======== EXERCISE INPUTS ========

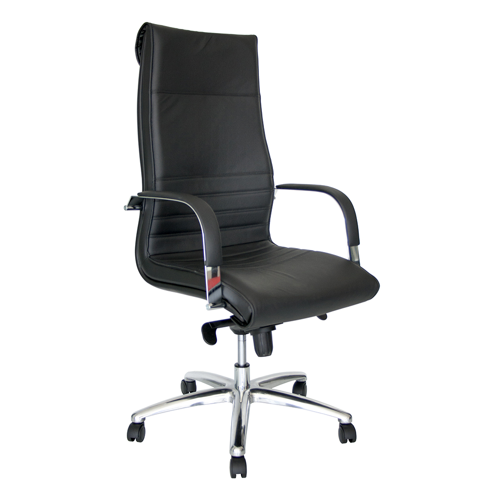 Uredska fotelja visokog naslona, sjedalo i naslon tapecirani u kožu. Rukonasloni fiksni, kromirani, presvučeni poliuretanom u crnoj boji, mekani na dodir. Peterokraka baza aluminijska, promjera 70 cm; kotači za mekane podove.
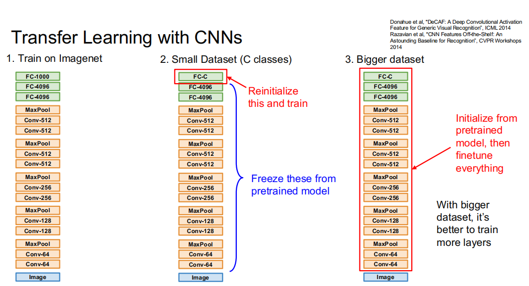 在相似数据集上训练完后,我们得到了一个具有良好特征提取能力的卷积层和全连接层。接下来要在小数据集上进行训练,以此图为例,从一个1000分类问题变成了一个小数据集上的C分类问题。此时前面的层已经有了较好的特征提取性能,使用小数据集训练未必能得到提升,因此只将最后一层FC-1000换成FC-C,然后固定其他层,只用小数据训练最后一层FC-C,就得到了一个C分类的神经网络。当然,如果有较大的数据集,也完全可以直接训练整个网络,提高模型在特定数据集上的表现。
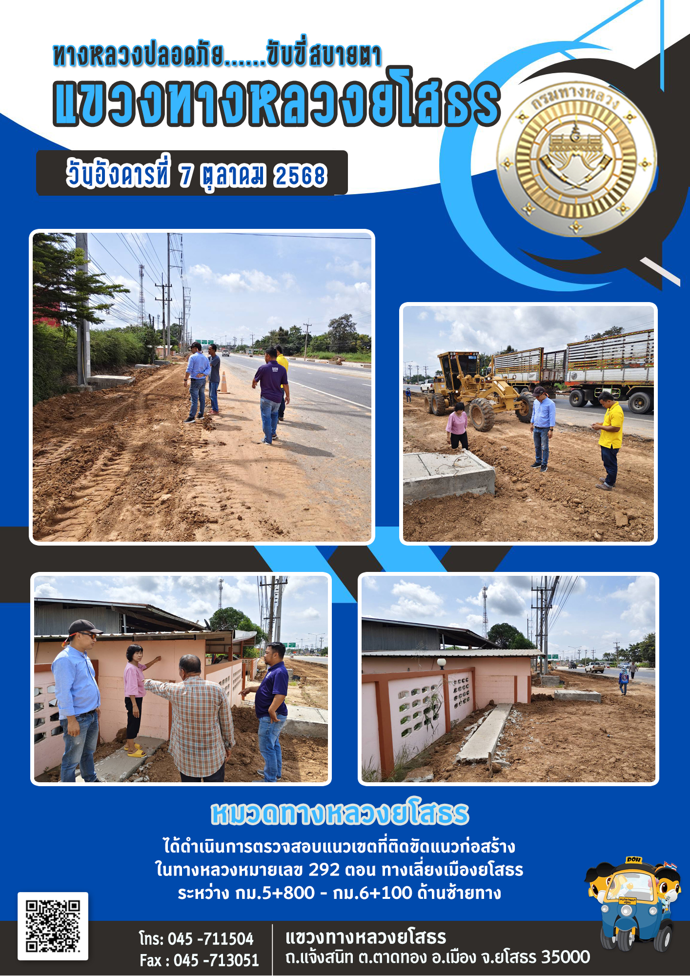 วันอังคารที่ 7 ตุลาคม 2568 หมวดทางหลวงยโสธร ได้ดำเนินการตรวจสอบแนวเขตที่ติดขัดแนวก่อสร้าง ในทางหลวงหมายเลข 292 ตอน ทางเลี่ยงเมืองยโสธร ระหว่าง กม.5+800 - กม.6+100 ด้านซ้ายทาง
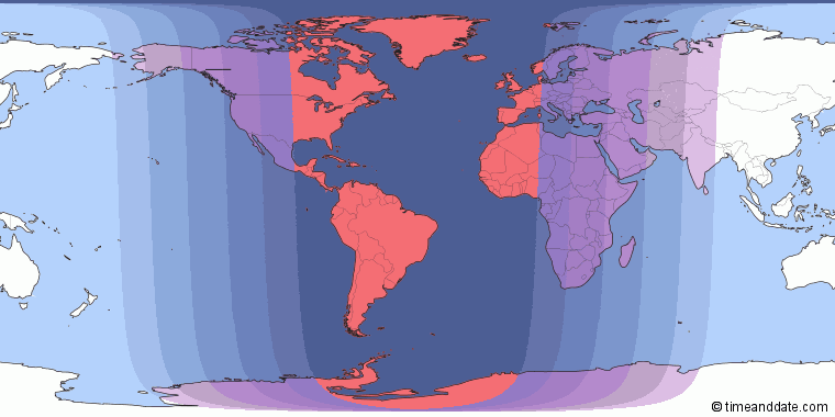 Ukupno pomračenje će trajati 5 sati i 11 minuta, dok će potpuno trajati 1 sat i 12 minuta.
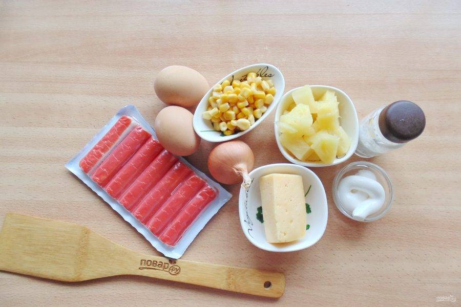 Уже несколько десятилетий заморский фрукт ананас заполняет прилавки наших магазинов и перестал быть чем-то необычным. Предлагаю рецепт отличного салата с ананасом. Такая закуска подойдет на праздник.
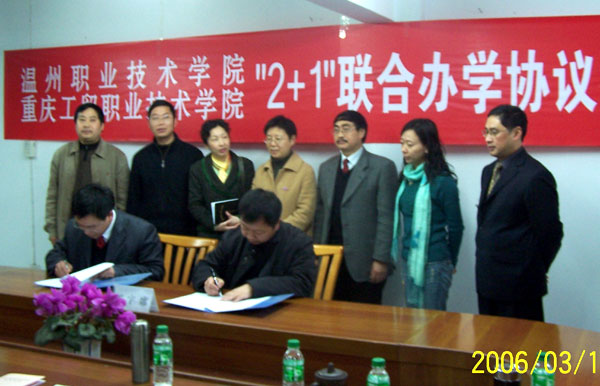 2006年3月10日,我院副院长吴金法一行五人飞赴重庆涪陵与我院教育对口支援结对学校——重庆工贸职业技术学院(原涪陵职业技术学院)举行了对口支援座谈会。在座谈会上,我院与重庆工贸职院就联合办学事宜进行了磋商,并签定了合作办学协议。协议规定,双方学校将举行“2+1”联合办学,即重庆工贸职院2004级机电一体化专业22名学生在重庆完成两年学业后,第三年将转移到我院来培养,我院将负责协助重庆工贸职院推荐这22名学生在浙江省实现就业,以解决西部学生就业难的问题。协议还规定,此“2+1”联合培养模式成功后,双方今后将按此协议长期合作,以切实促进东西部教育间的交流与合作。
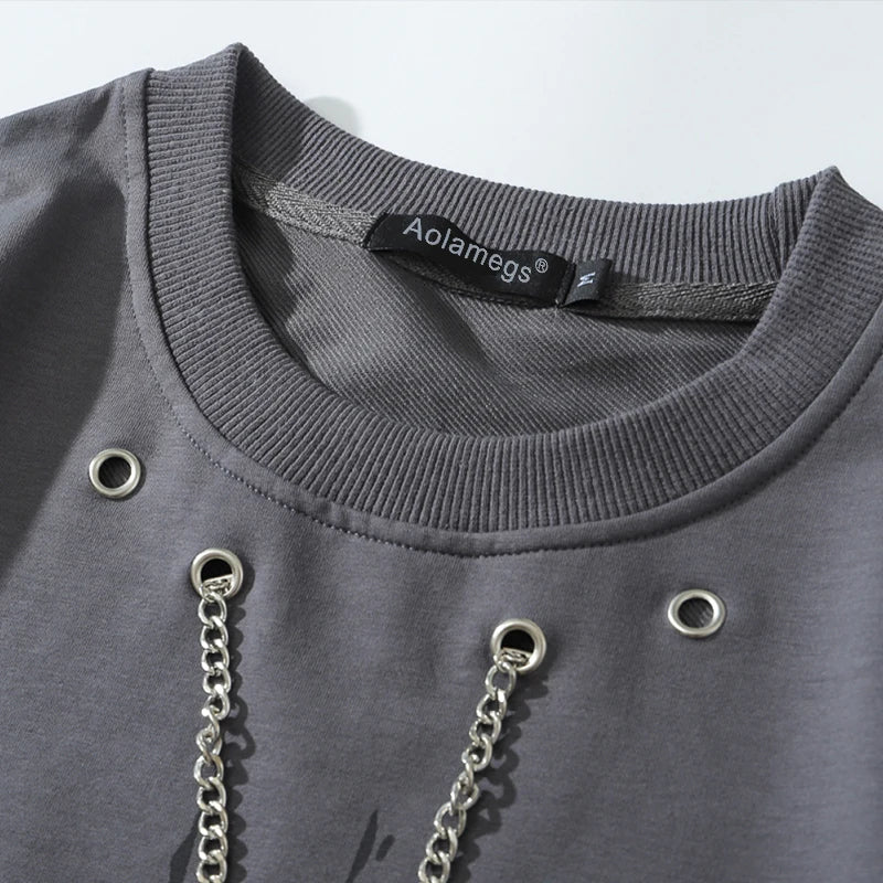 Avec sa chainette intégrée au col et ses manches lacérées, vous allez forcément faire sensation avec ce pull gothique homme ! Attention à ne pas rendre votre copine jalouse avec … Il ira parfaitement avec un de nos pantalons urban goth
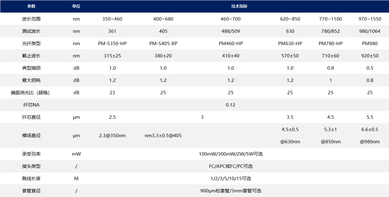 定性、低插入损耗及高消光比,在量子精密测量、量子计算和光纤传感领域应用的理想选择。波长范围从400 nm-2200 nm可选,目前有FC/PC和FC/APC两种接头类型可选。可提供多种保偏光纤定制服务,包括光纤长度、消光比及工作波长等。
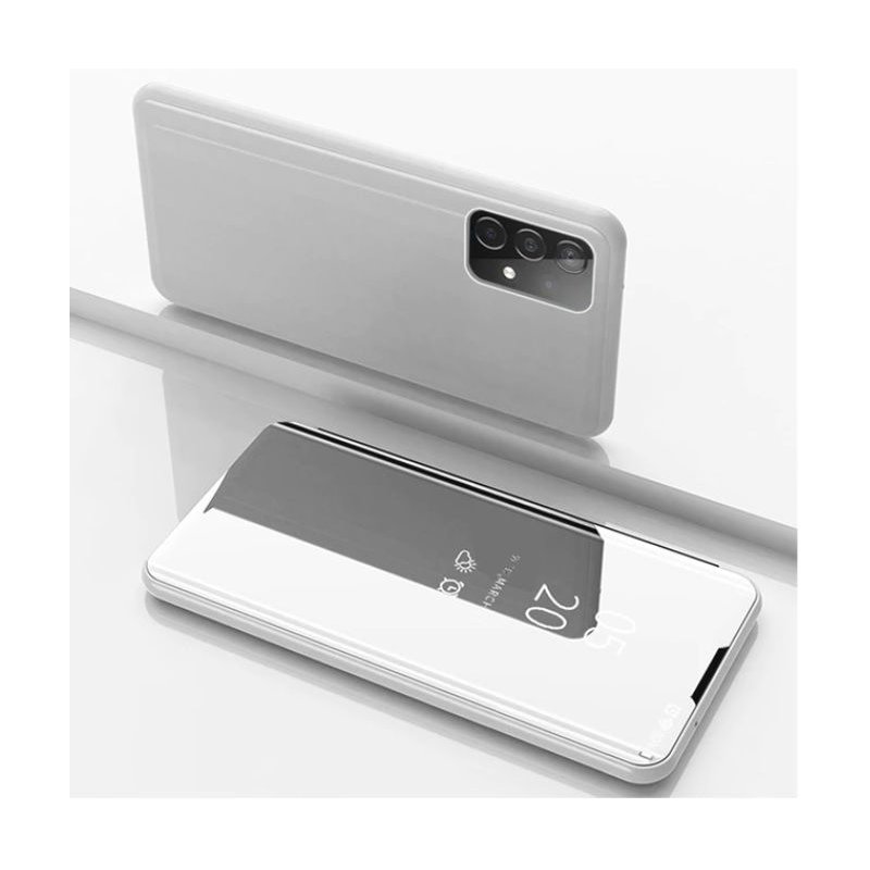 Funda inteligente tipo libreta cartera para tu Samsung Galaxy A53 5G rigida de color Gris Plata con efecto espejo translucido. Este smart cover esta muy de moda y no dejara nadie indiferente.
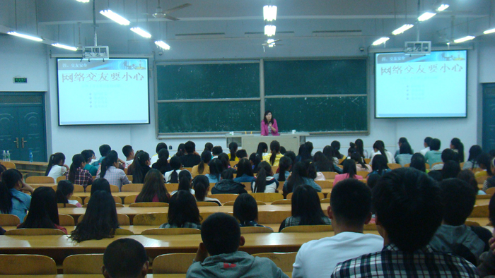 随着工商管理系“安全月”宣传教育活动的持续开展,为进一步增强老员工的安全防范意识和自我保护能力,创建平安校园,10月29日晚上,该系王希、董岳磊、张文龙、王林四位老师分别为共计1000余名新生作了老员工安全教育专题讲座。
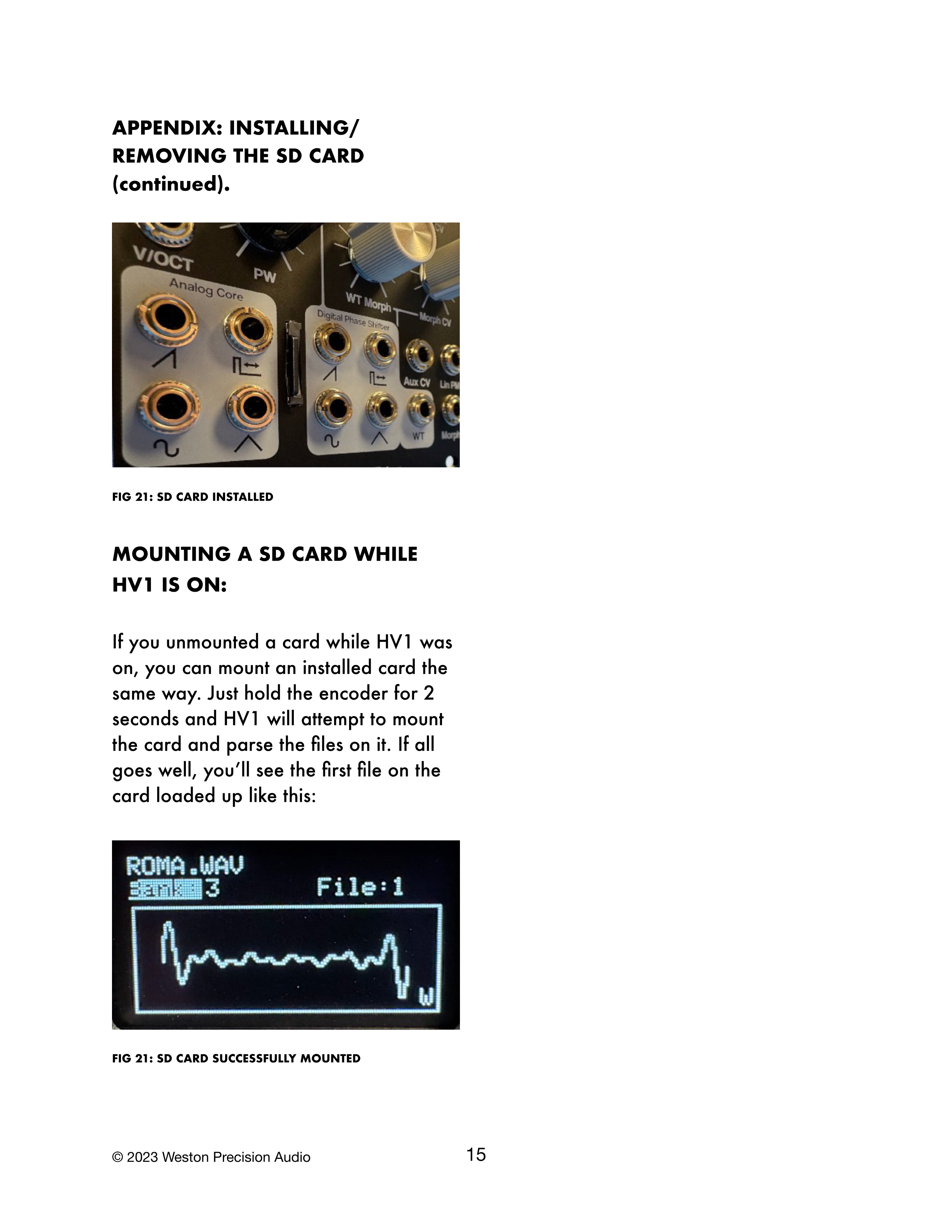 HV1の電源が入っている状態でカードをアンマウントした場合、同じ方法で取り付けられたカードをマウントすることができます。エンコーダーを2秒間長押しするだけで、HV1はカードのマウントを試み、カード内のファイルを解析します。すべてが正常に完了すると、次のようにカード内の最初のファイルが読み込まれた状態が表示されます:
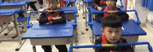 중국 초등학교 책상에 설치된 자세교정기
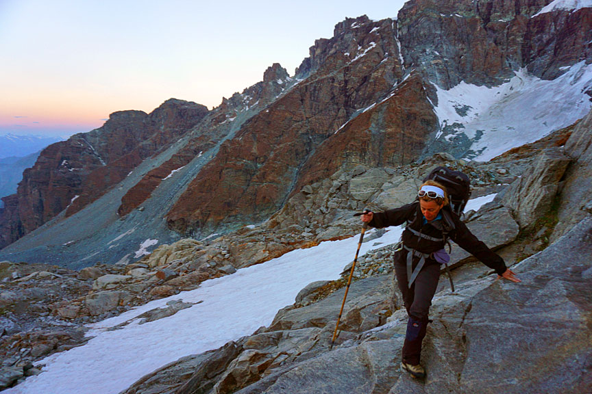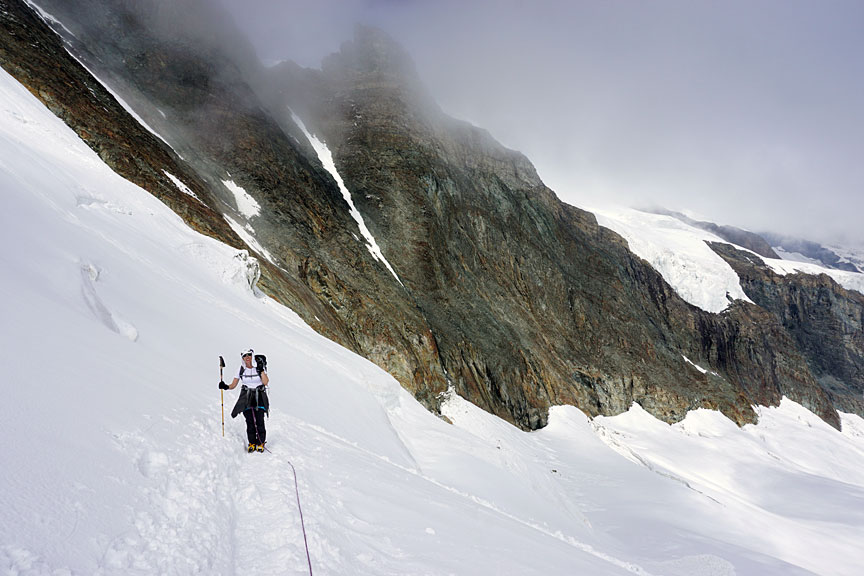 Climbing up the pass between the Allalinhorn and the Feechopf. |
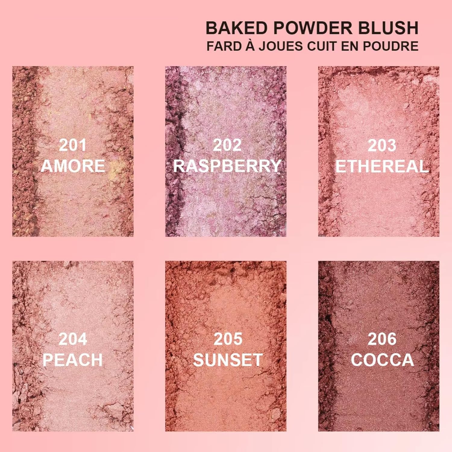 - SILKY BAKED BLUSH: Satin and shimmery shades in peach and rose. This Blush is lightweight, yet offers great color. Easy to apply and goes on smooth. Naturally water resistant and lets your skin breathe. With this blush, your rosy glow comes with healthier skin in the long-term.
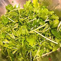 - 1 パクチーと水菜はよく洗って根を切り落とし、3cm幅に切ります。
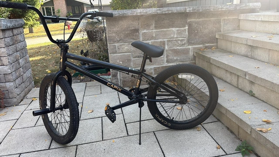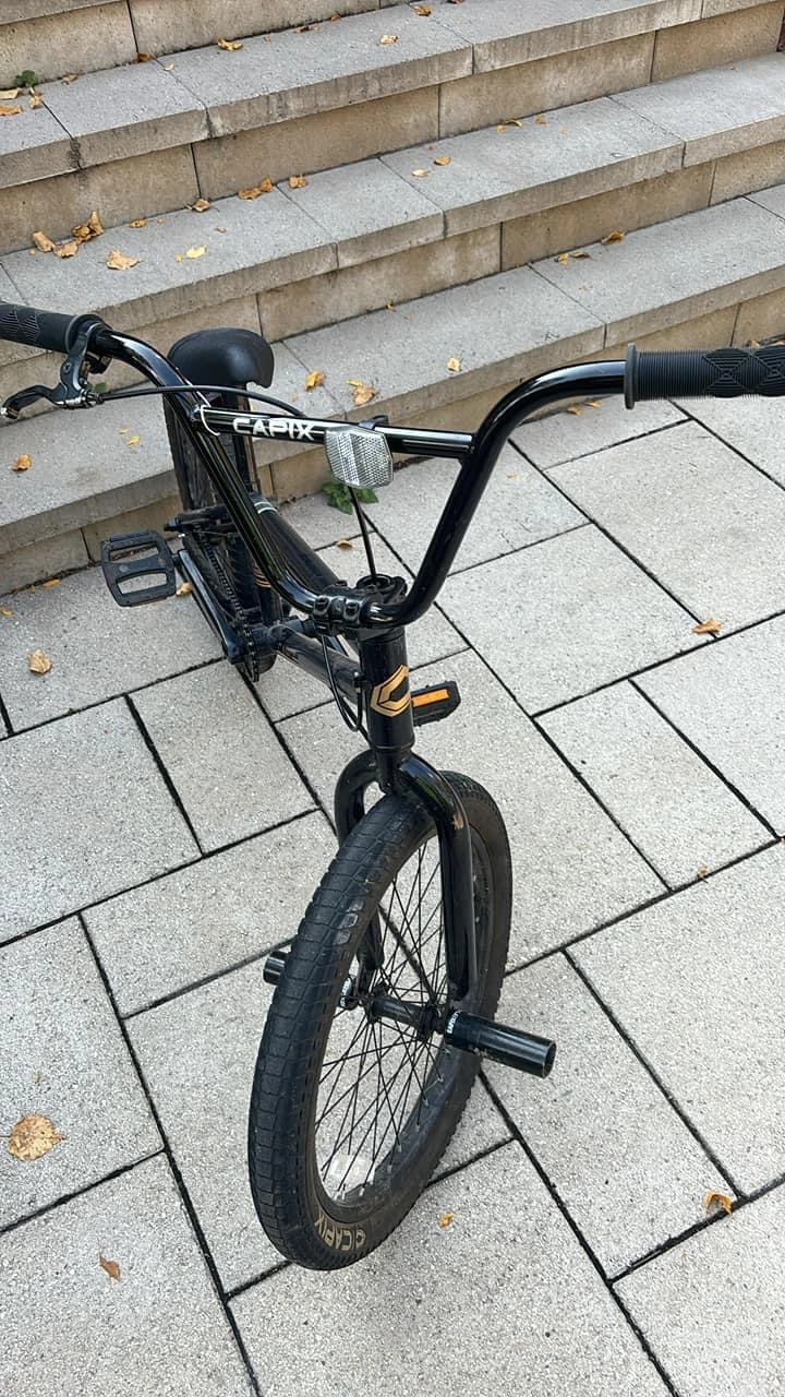 Black BMX bicycle with gold accents. Features include: rear hand brake, pegs on the front wheel, handlebars, pedals, seat, and wheels.

========

EXERCISE:
What you return from the records above should be exactly everything from the line with "在相似数据集上训练完后,我们" down to the line with "Climbing up the", both kept, and no pictures.

EXERCISE ANSWER:
 在相似数据集上训练完后,我们得到了一个具有良好特征提取能力的卷积层和全连接层。接下来要在小数据集上进行训练,以此图为例,从一个1000分类问题变成了一个小数据集上的C分类问题。此时前面的层已经有了较好的特征提取性能,使用小数据集训练未必能得到提升,因此只将最后一层FC-1000换成FC-C,然后固定其他层,只用小数据训练最后一层FC-C,就得到了一个C分类的神经网络。当然,如果有较大的数据集,也完全可以直接训练整个网络,提高模型在特定数据集上的表现。
 วันอังคารที่ 7 ตุลาคม 2568 หมวดทางหลวงยโสธร ได้ดำเนินการตรวจสอบแนวเขตที่ติดขัดแนวก่อสร้าง ในทางหลวงหมายเลข 292 ตอน ทางเลี่ยงเมืองยโสธร ระหว่าง กม.5+800 - กม.6+100 ด้านซ้ายทาง
 Ukupno pomračenje će trajati 5 sati i 11 minuta, dok će potpuno trajati 1 sat i 12 minuta.
 Уже несколько десятилетий заморский фрукт ананас заполняет прилавки наших магазинов и перестал быть чем-то необычным. Предлагаю рецепт отличного салата с ананасом. Такая закуска подойдет на праздник.
 2006年3月10日,我院副院长吴金法一行五人飞赴重庆涪陵与我院教育对口支援结对学校——重庆工贸职业技术学院(原涪陵职业技术学院)举行了对口支援座谈会。在座谈会上,我院与重庆工贸职院就联合办学事宜进行了磋商,并签定了合作办学协议。协议规定,双方学校将举行“2+1”联合办学,即重庆工贸职院2004级机电一体化专业22名学生在重庆完成两年学业后,第三年将转移到我院来培养,我院将负责协助重庆工贸职院推荐这22名学生在浙江省实现就业,以解决西部学生就业难的问题。协议还规定,此“2+1”联合培养模式成功后,双方今后将按此协议长期合作,以切实促进东西部教育间的交流与合作。
 Avec sa chainette intégrée au col et ses manches lacérées, vous allez forcément faire sensation avec ce pull gothique homme ! Attention à ne pas rendre votre copine jalouse avec … Il ira parfaitement avec un de nos pantalons urban goth
 定性、低插入损耗及高消光比,在量子精密测量、量子计算和光纤传感领域应用的理想选择。波长范围从400 nm-2200 nm可选,目前有FC/PC和FC/APC两种接头类型可选。可提供多种保偏光纤定制服务,包括光纤长度、消光比及工作波长等。
 Funda inteligente tipo libreta cartera para tu Samsung Galaxy A53 5G rigida de color Gris Plata con efecto espejo translucido. Este smart cover esta muy de moda y no dejara nadie indiferente.
 随着工商管理系“安全月”宣传教育活动的持续开展,为进一步增强老员工的安全防范意识和自我保护能力,创建平安校园,10月29日晚上,该系王希、董岳磊、张文龙、王林四位老师分别为共计1000余名新生作了老员工安全教育专题讲座。
 HV1の電源が入っている状態でカードをアンマウントした場合、同じ方法で取り付けられたカードをマウントすることができます。エンコーダーを2秒間長押しするだけで、HV1はカードのマウントを試み、カード内のファイルを解析します。すべてが正常に完了すると、次のようにカード内の最初のファイルが読み込まれた状態が表示されます:
 중국 초등학교 책상에 설치된 자세교정기
 Climbing up the pass between the Allalinhorn and the Feechopf. |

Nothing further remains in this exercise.